Campaign group Gun Control Network met with Home Office officials last month to discuss the growing craze of practical shooting. It came after a Sunday Mail investigation uncovered a loophole in firearms laws that means some gun clubs don’t fall under the strict licensing requirements.
The Sunday Mail discovered that anyone with a licence for certain types of guns is able to set up so-called “practical shooting” clubs on private land without the need for police, government or local authority permission and licensing.
That is despite members - including those at a Lanarkshire club - using high-powered guns as they move their way around a combat assault course to take out human-shaped targets.
Gill Marshall-Andrews, chair of Gun Control Network, said: “We had a meeting with the Home Office about two major concerns we have.
“One is the emergence of new weapons that have been designed to exploit loopholes in the law that have allowed manufacturers to sell guns that are very dangerous but still legal.
“The other has to do with the use of some of those guns in activities known as practical shooting and practical shotgunning which have grown significantly in the last few years but which are not being monitored properly.

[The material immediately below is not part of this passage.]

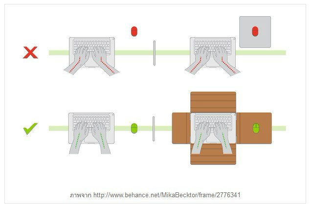 2. กำหนดพื้นที่วางเม้าส์ให้ถูกต้อง หากคุณใช้โต๊ะวางคอมพิวเตอร์ขนาดเล็ก (เช่น 80 เซ็นติเมตร) อาจจะมีพื้นที่วางคีย์บอร์ด แต่ไม่มีพื้นที่วางเม้าส์ ทำให้ต้องวางไว้เม้าส์บนโต๊ะแทน เป็นสาเหตุให้คุณปวดแขน ปวดไหล่ แถมยังร้าวไปถึงคอได้อีก ควรวางเม้าส์ข้างซ้ายหรือขวา ตามแขนข้างที่ถนัด ใกล้คีย์บอร์ด และอยู่ในองศาที่จับถนัดมือโดยไม่ห่อไหล่ หรือผู้ผลิตอย่าง The Green Case ได้จัดทำผลิตภัณฑ์ที่ช่วยกำหนดพื้นที่ในการวางเม้าส์ และการวางมือให้เหมาะสมดังภาพ

“Practical shooting is an American style combat activity often using moving humanoid targets that can be operated on private land without the need for licensing.
“No-one really knows how many of these private ranges exist – not the police, not the local authority and certainly not the government. The Home Office seems to us to be remarkably complacent and unwilling to take these matters seriously.”

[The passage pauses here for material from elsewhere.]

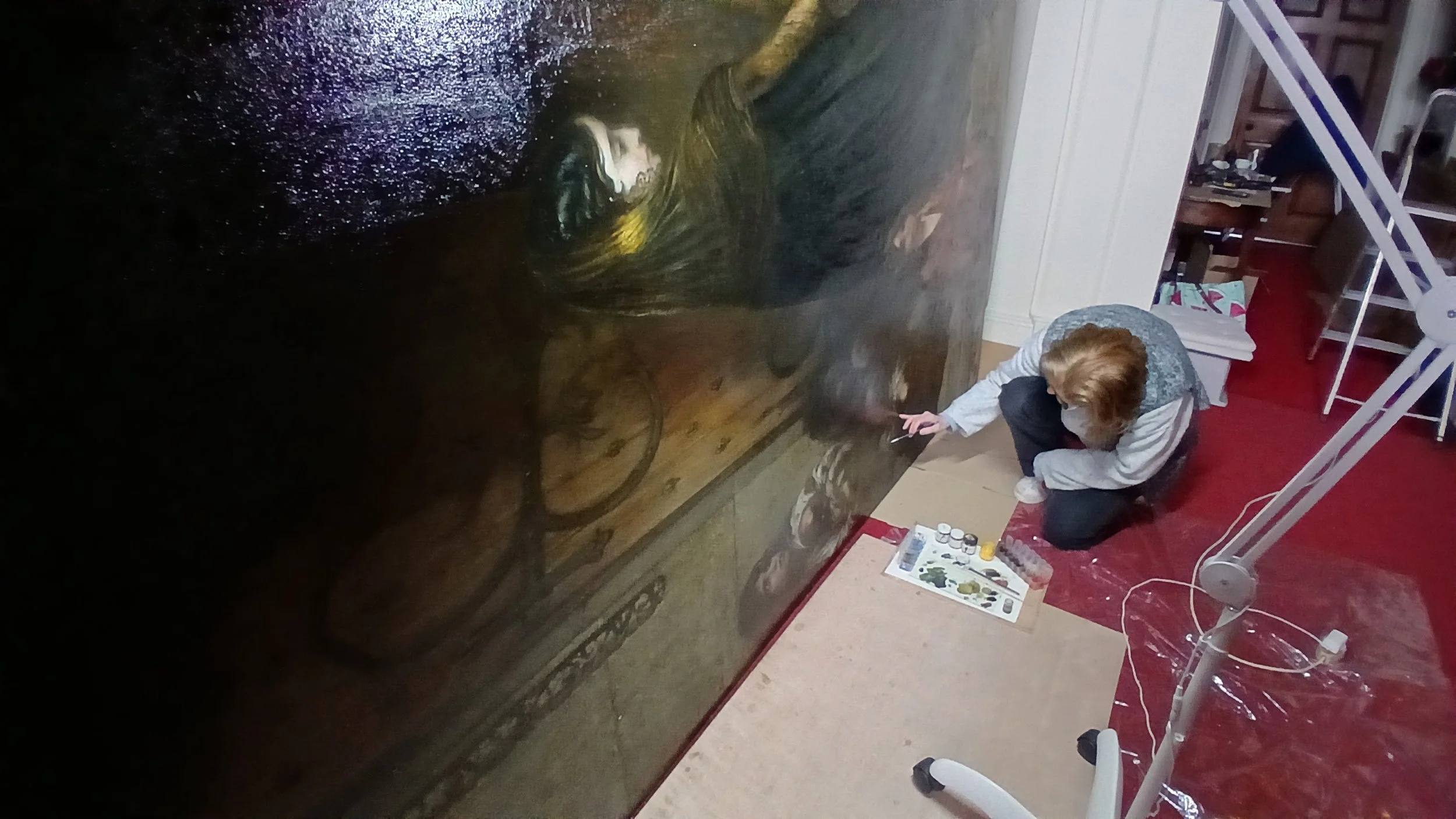 Fine Art Conservator, Vanessa Andrews, at work on Blessed are the Charitable by Gustave Doré’

Last month marked the 25th anniversary of the UK’s handgun ban after the Dunblane shootings where 16 primary school kids and their teacher were killed by a gunman in 1996. Last year licensed gun owner Jake Davison, 22, shot and killed five people in Plymouth before shooting himself.
Gill added: “After the terrible tragedy of Dunblane, when pistol shooting was said to be the fastest growing sport in the country, the government of the day took radical action to prevent the UK from embracing an American-style gun culture.
“The success of the handgun ban enacted in 1997 has been seen in the continued low level of gun violence in the UK compared to almost every country in the world. But now 25 years later we stand at another crossroads and we need to take radical action again.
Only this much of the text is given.